# RECORD EXTRACTS:
***

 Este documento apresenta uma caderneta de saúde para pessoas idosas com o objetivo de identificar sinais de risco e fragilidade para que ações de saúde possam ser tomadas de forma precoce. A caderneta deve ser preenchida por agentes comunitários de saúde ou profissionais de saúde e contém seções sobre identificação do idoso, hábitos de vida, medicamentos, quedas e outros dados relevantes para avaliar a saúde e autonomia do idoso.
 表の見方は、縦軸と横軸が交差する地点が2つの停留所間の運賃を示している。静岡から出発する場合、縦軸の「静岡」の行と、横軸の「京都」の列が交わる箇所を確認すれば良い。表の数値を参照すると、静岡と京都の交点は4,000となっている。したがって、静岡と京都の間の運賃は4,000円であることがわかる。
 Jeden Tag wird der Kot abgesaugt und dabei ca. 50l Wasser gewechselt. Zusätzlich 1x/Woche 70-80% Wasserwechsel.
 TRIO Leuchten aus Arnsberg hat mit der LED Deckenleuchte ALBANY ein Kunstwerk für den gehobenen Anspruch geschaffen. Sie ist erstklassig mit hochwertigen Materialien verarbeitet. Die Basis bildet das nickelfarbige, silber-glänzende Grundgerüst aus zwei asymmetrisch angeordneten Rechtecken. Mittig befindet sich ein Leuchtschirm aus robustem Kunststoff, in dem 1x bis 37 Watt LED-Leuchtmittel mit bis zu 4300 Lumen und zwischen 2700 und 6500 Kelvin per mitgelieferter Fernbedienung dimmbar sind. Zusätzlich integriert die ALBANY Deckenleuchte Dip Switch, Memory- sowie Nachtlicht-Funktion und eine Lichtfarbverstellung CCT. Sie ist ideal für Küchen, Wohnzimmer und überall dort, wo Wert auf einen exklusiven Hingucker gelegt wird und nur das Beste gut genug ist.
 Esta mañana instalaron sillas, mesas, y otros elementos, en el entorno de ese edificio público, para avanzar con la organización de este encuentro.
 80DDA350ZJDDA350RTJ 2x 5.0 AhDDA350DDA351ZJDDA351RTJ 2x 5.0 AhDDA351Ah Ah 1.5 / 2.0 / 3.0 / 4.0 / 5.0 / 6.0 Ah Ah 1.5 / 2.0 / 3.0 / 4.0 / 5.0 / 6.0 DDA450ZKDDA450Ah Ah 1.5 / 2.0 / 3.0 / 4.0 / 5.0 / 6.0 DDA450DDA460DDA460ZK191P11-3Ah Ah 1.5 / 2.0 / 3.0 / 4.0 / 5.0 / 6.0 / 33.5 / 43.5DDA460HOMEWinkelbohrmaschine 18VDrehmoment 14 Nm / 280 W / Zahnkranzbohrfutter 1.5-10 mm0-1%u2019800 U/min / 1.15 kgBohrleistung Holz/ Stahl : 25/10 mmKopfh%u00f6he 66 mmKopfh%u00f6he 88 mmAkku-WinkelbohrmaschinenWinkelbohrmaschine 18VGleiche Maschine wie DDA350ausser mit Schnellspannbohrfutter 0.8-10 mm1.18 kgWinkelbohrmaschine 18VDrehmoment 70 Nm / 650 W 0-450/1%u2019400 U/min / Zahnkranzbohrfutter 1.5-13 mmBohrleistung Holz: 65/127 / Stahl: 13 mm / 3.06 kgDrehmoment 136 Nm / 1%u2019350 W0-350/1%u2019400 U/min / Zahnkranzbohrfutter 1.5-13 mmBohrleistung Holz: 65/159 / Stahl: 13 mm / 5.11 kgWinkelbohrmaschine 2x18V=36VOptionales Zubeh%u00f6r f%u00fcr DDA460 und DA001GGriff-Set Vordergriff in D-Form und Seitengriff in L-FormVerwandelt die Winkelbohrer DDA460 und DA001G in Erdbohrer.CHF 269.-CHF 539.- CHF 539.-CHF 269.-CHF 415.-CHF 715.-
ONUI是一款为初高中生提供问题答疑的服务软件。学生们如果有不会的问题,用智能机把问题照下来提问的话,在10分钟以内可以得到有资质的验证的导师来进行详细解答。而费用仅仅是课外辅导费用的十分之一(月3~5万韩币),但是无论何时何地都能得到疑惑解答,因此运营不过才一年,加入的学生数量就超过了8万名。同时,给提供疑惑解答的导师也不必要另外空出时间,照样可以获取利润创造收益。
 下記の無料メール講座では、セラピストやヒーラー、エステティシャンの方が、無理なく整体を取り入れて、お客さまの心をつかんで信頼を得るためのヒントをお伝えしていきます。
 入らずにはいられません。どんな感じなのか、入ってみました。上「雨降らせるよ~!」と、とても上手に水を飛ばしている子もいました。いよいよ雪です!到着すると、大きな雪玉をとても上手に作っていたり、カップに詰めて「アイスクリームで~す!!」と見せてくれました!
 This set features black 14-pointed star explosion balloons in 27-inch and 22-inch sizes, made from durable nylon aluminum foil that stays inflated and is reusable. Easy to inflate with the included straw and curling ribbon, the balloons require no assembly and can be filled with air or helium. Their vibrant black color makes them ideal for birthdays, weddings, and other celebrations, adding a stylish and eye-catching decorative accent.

***

# AIM OF THE TASK:
Copy out exactly the lines running from the line with "ONUI是一款为初高中生提供" to the end of the records, inclusive.

# ANSWER SECTION:
ONUI是一款为初高中生提供问题答疑的服务软件。学生们如果有不会的问题,用智能机把问题照下来提问的话,在10分钟以内可以得到有资质的验证的导师来进行详细解答。而费用仅仅是课外辅导费用的十分之一(月3~5万韩币),但是无论何时何地都能得到疑惑解答,因此运营不过才一年,加入的学生数量就超过了8万名。同时,给提供疑惑解答的导师也不必要另外空出时间,照样可以获取利润创造收益。
 下記の無料メール講座では、セラピストやヒーラー、エステティシャンの方が、無理なく整体を取り入れて、お客さまの心をつかんで信頼を得るためのヒントをお伝えしていきます。
 入らずにはいられません。どんな感じなのか、入ってみました。上「雨降らせるよ~!」と、とても上手に水を飛ばしている子もいました。いよいよ雪です!到着すると、大きな雪玉をとても上手に作っていたり、カップに詰めて「アイスクリームで~す!!」と見せてくれました!
 This set features black 14-pointed star explosion balloons in 27-inch and 22-inch sizes, made from durable nylon aluminum foil that stays inflated and is reusable. Easy to inflate with the included straw and curling ribbon, the balloons require no assembly and can be filled with air or helium. Their vibrant black color makes them ideal for birthdays, weddings, and other celebrations, adding a stylish and eye-catching decorative accent.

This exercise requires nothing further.